# Atv riding question



## Eschmidt48 (Aug 10, 2009)

can i ride my atv alongside all county roads? perticularly all menominee michigan county roads?


----------



## JWICKLUND (Feb 13, 2005)

Here is a link to the ordinance. The sheriff department will be the contact person if you have any questions as we do not enforce ordinances.
http://www.vvmapping.com/trails/MICounties/ordinances/Menominee_ORV_Ordinance.pdf


----------



## sourdough44 (Mar 2, 2008)

I thinks it's great MI loosened up the rules with reguard to responsible ATV riding along county roads. Next it's time to visit the issue of helmets for adult drivers while hunting/fishing etc.


----------



## Eschmidt48 (Aug 10, 2009)

im 15 years old i just got my atv safty licsens and my fourwheelers registered and i do where a helmet. menominee michigan has no where to ride. we need more trails in each county


----------



## MUDDY4LIFE (Apr 13, 2001)

Your 15 years old and claim you already have a valid ORV safety certificate?

If so, than the above questions you asked in this forum should have been taken care of in your ORV safety education class by your instructor unless your safety class was taken pre-PA 240.

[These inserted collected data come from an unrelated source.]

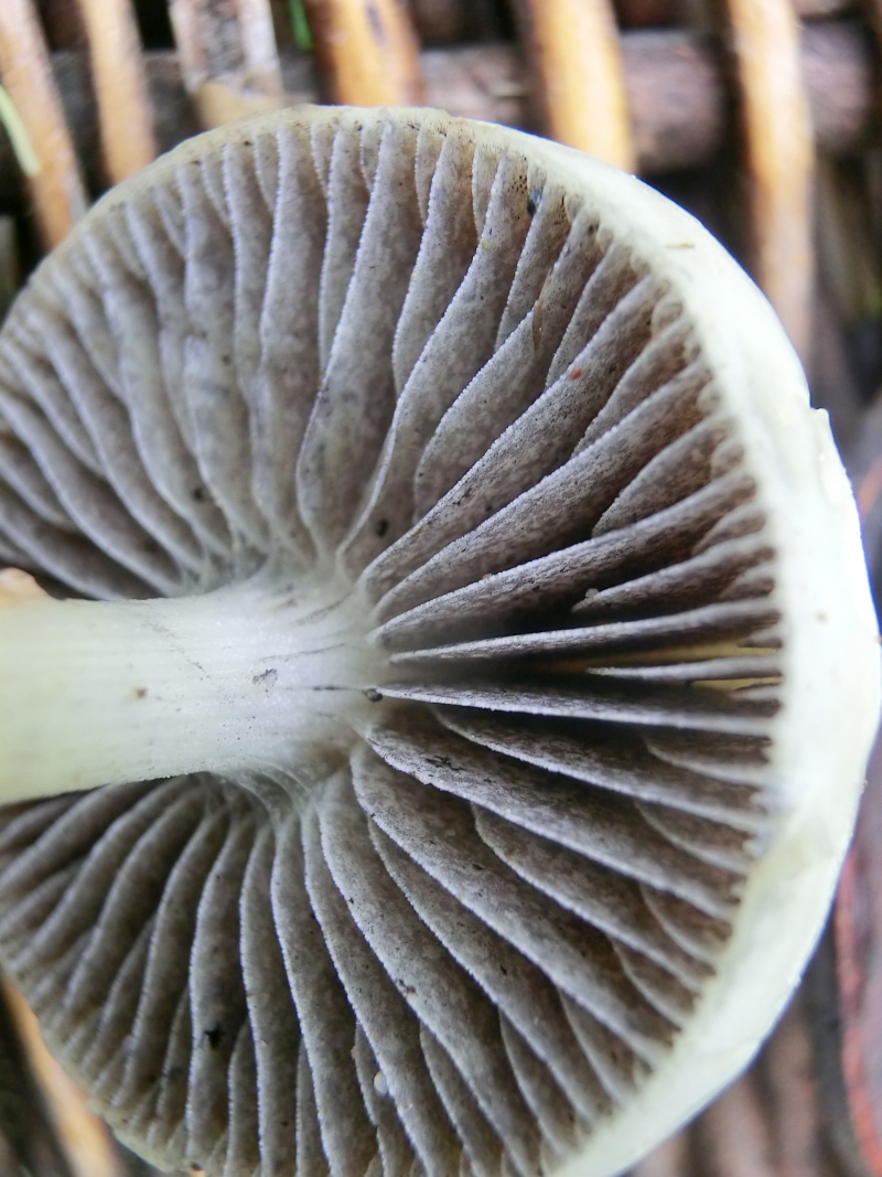 Der Pilz ist weiß/cremefarben. Der größte war ca. 8 cm hoch. Hutdurchmesser ca. 3-4 cm. Geruch: so nach nichts. Auf dem Stiel befanden sich Schüppchen. Stielende etwas Keulenförmig, ziemlich schleimig (auch der Hut). Die grau/schwarzen Lamellen stehen etwas entfernt und sind kräftig.
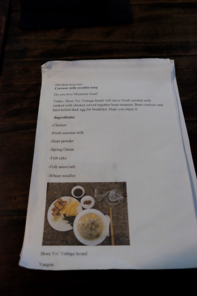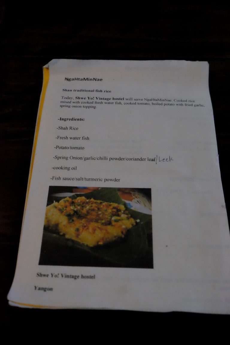 Ir patīkami atkal būt Jangonā, kuras ģeogrāfija ir labi pazīstama. Vēl jo patīkamāk ir apsveicināties ar hosteļa saimniekiem. Esmu noilgojusies pēc Nangsanas gatavotā ēdiena, tāpēc pasūtu brokastis, kas man šodien vēl nepienākas. Tik garšīgi!! Bildēs var apskatīt pāris Nangsanas receptes iedvesmai!
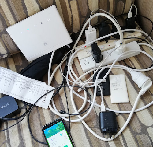Some stuff needs UK sockets and some are NZ so we have 2 plugboards, one for
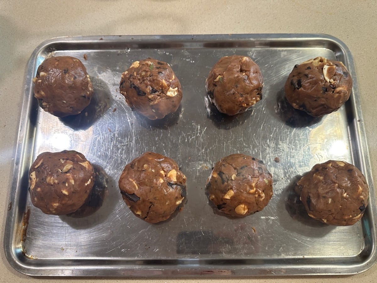 - Después de eso, enrolle la masa en 8 masas pequeñas iguales (cada una de mis masas pesa aproximadamente 137 g)
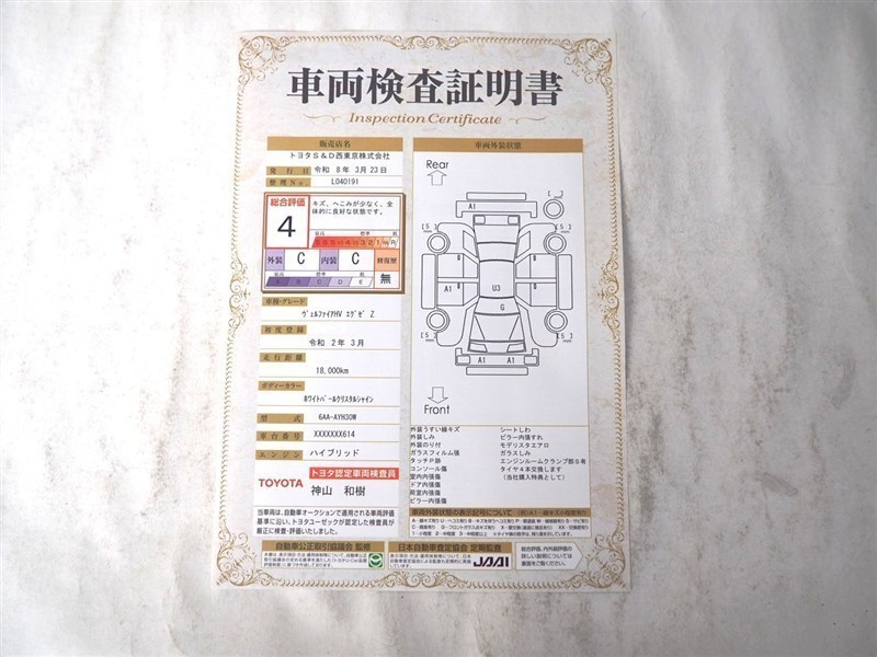 詳細及び現状の車両状態につきましては、店舗スタッフまでお尋ねください。 - 注2)上記と同様の評価点・状態表を「車両検査証明書」として店舗の展示車両に搭載しております。
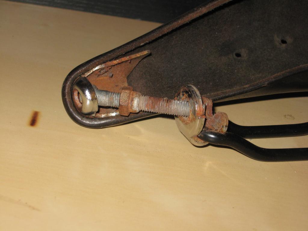 My chrome parts and the rail are slightly rusted because my bike lives outside and so I used a wire wheel to polish them up before reassembling the saddle.
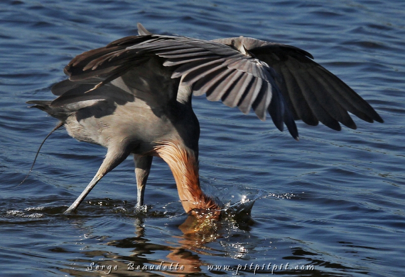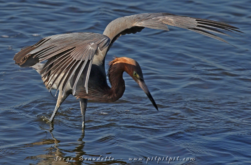 L’Aigrette roussâtre exécute sa danse toutes ailes déployées, pour éviter de trahir sa forme de prédateur… et surtout pour couper le reflet du ciel et mieux voir sous la surface! D’une incroyable rapidité, elle réussit souvent ses captures!
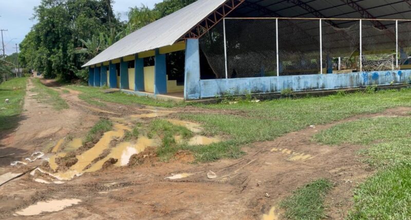Quadra poliesportiva da unidade escolar encontra-se em condições inadequadas de uso (Foto: Assessoria Parlamentar)
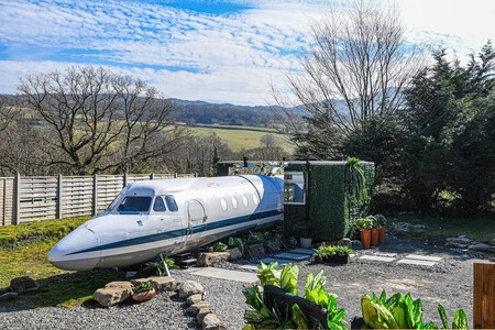 Pero también hay opciones que les molarán a los amantes de la aviación o a quien busca un alojamiento diferente, como este avión Hawker de los años 70 que ha sido reconvertido en alojamiento turístico en Gales, en el Reino Unido.
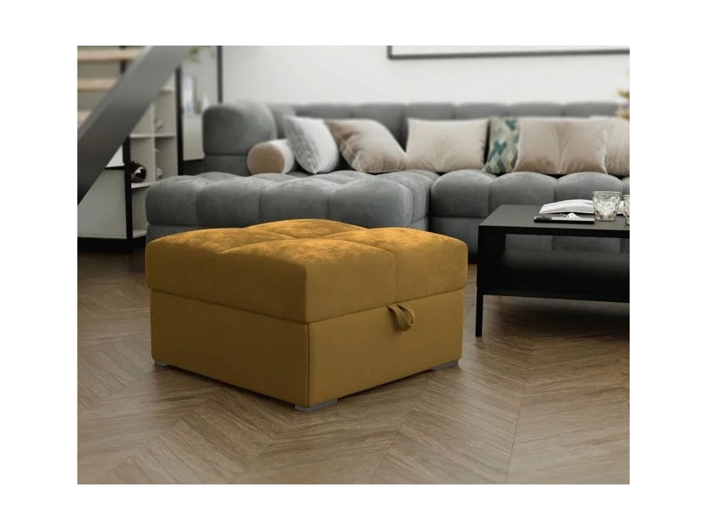 Hořčicový taburet ZENOVA s úložným prostorem 65x65 cm
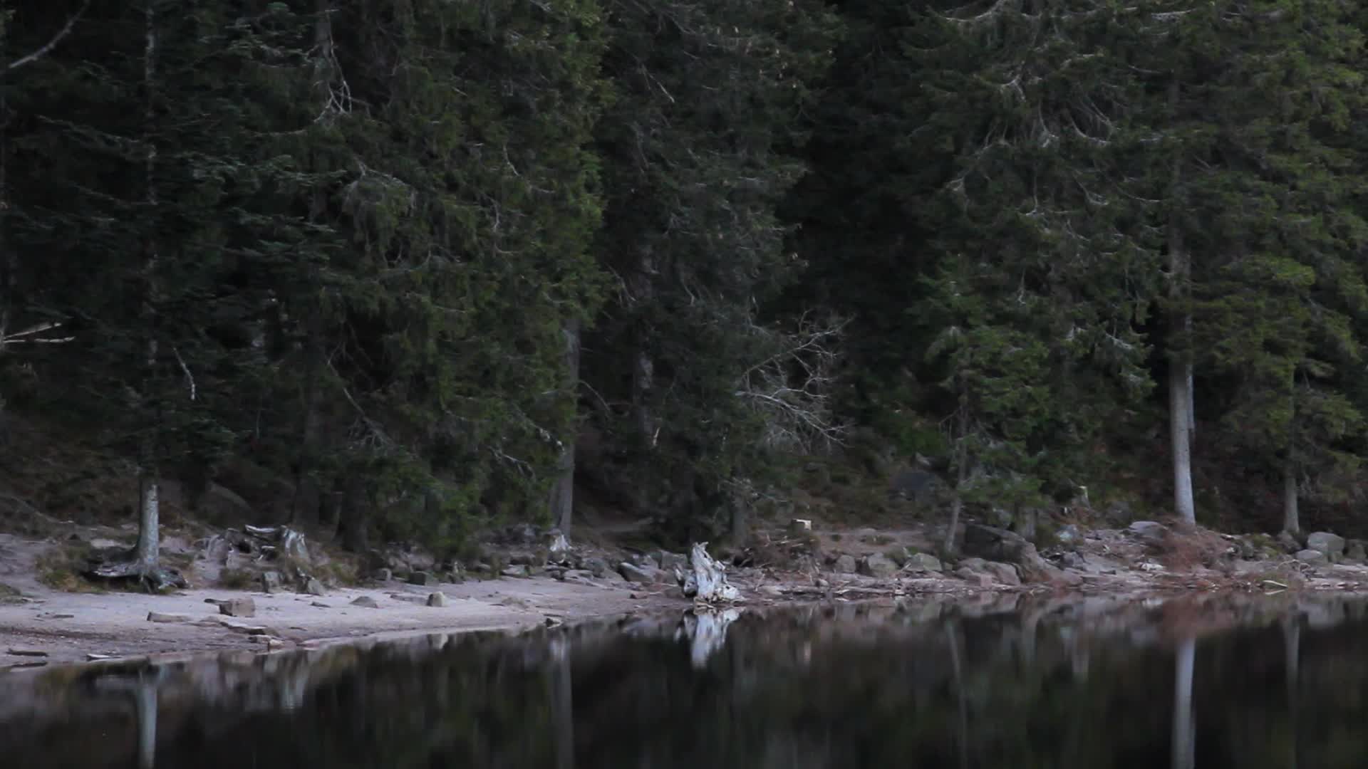 Paradise Falls I was shot in the Black Forest in 2011 during an Artist Residency with the Christoph Merian Stiftung in Basel, Switzerland. The lake where the work is set, situated on top of an extinct volcano, is called Mummelsee (Mother Lake). There are many myths associated with this lake in German folklore, most notably about a siren who lures men into the forest and kills them. In McMillan’s video, a ghostly female form flickers in and out of view at the edges of of the otherwise still landscape. Setting up an interplay between landscape, memory, forgetting and history, Paradise Falls I considers how history can leave a residue in the landscape and the past often comes back to haunt us.
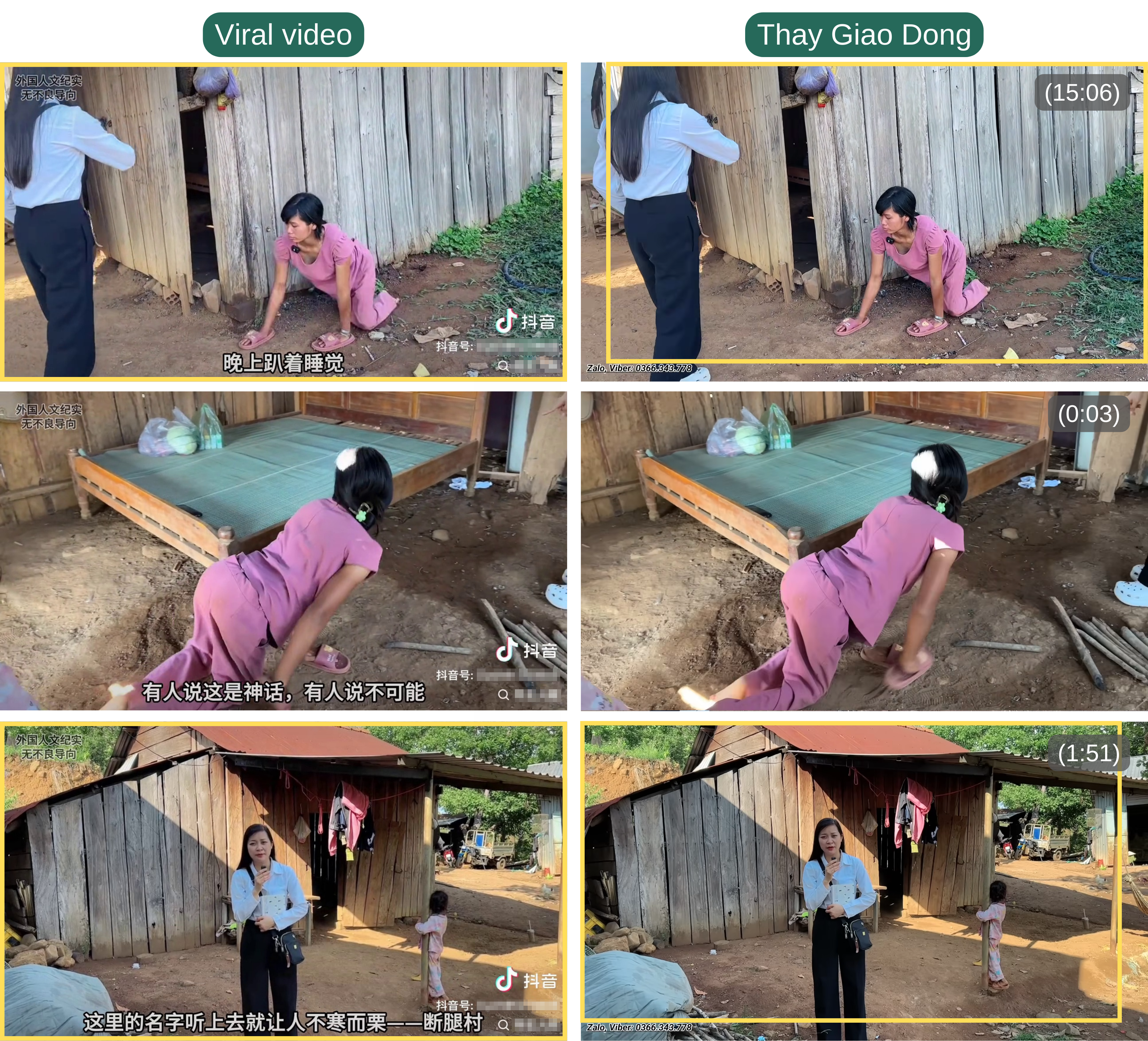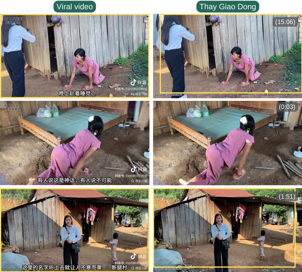 Several clips featuring Nhom in pink clothing in the viral video were taken from the footage posted on May 14, 2025, by the YouTuber Thay Giao Dong (“Teacher Dong”), at timestamps 15:06, 0:03, and 1:51 (in the order of their appearances in the viral video).
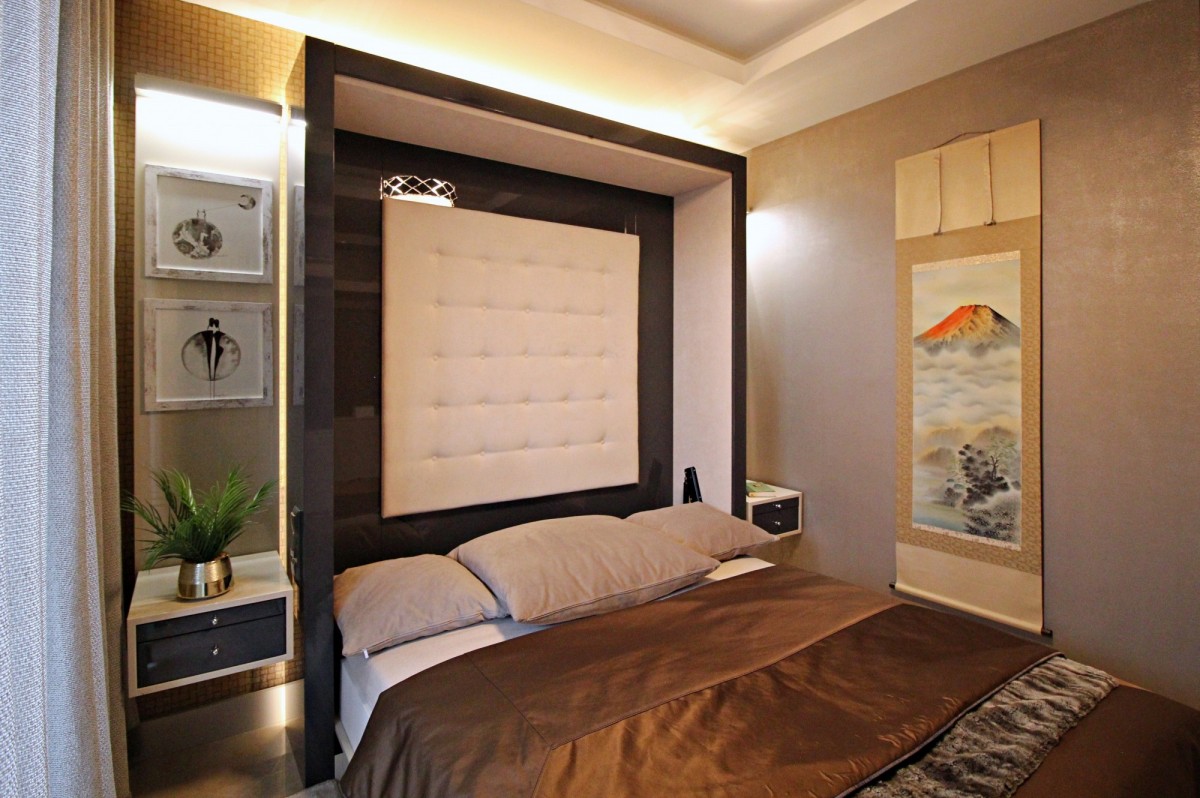 Apartament posiada funkcjonalny podział na strefę dzienną i sypialnianą w kolorystyce beżowo-szaro-białej , oddzielone przesuwanymi lustrzanymi drzwiami .
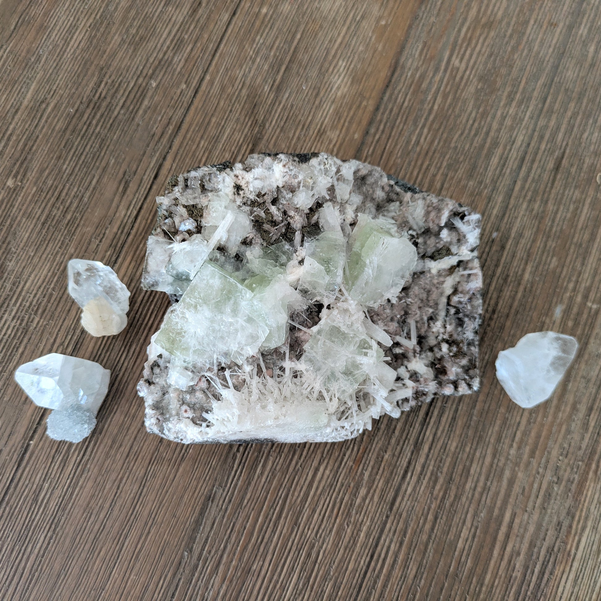 Now this one's got some attitude. This crystal comes from the Himalayas region of India. It's here to make a statement. Green apophyllite crystals sit amongst incredibly interesting zeolite formations. The energy of this feels like it's ready to get some spiritual work done - no more playing around, it's time to get down to business.
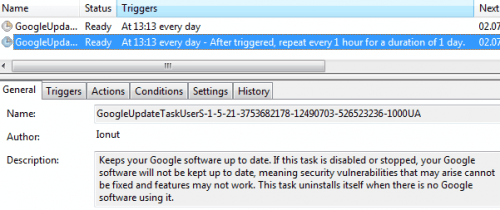 Пользователи могут проверить Task Scheduler в Панели управления Windows для изменения частоты обновления проверки. Команда Google отмечает, что процесс может быть запущен непрерывно на некоторых компьютерных системах, если возникают проблемы с планировщиком задач и служб Windows .

At 15 years old,did your ORV safety instructor tell you that anyone under the age of 16 years old who operates an ATV/ORV in the State of Michigan must also be under the direct visual supervision of an adult while operating?


----------



## bradymsu (Mar 3, 2008)

Menominee County adopted its ORV ordinance under PA 240 on 12-23-2008. You should contact the local sheriff department to determine which county roads, if any, are closed. Also, for the benefit of all riders, please do not ride anywhere on state land unless you're sure you can be there and if you have kids, don't allow them to ride unsupervised.


----------



## boehr (Jan 31, 2000)

Eschmidt48 said:


> im 15 years old i just got my atv safty licsens and my fourwheelers registered and i do where a helmet. menominee michigan has no where to ride. we need more trails in each county


No where to ride in Menominee County. Isn't the Westman Truck trail open? All the logging roads in the north part of the county? Or is it that there just isn't a place to ride next door to where you live? If there are no places to ride in Menominee County then things sure have changed a lot since I use to work up there and visit up there. I doubt things have change that much concerning this topic at least.


----------



## JWICKLUND (Feb 13, 2005)

In Menominee county you have logging roads, designated forest service roads and grades all open to ORV riding. The county roads are also open provided you go with the flow of traffic (along the unpaved portion of the roadway), 25mph or less and in a single file. So the question is not where you can ride, it is where you can't because pretty much everything open. You still cannot ride along the state highways.
Perhaps you are confused with Marinette Wisconsin which is right next to Menominee county. You can only ride designated ORV trails in that county.


----------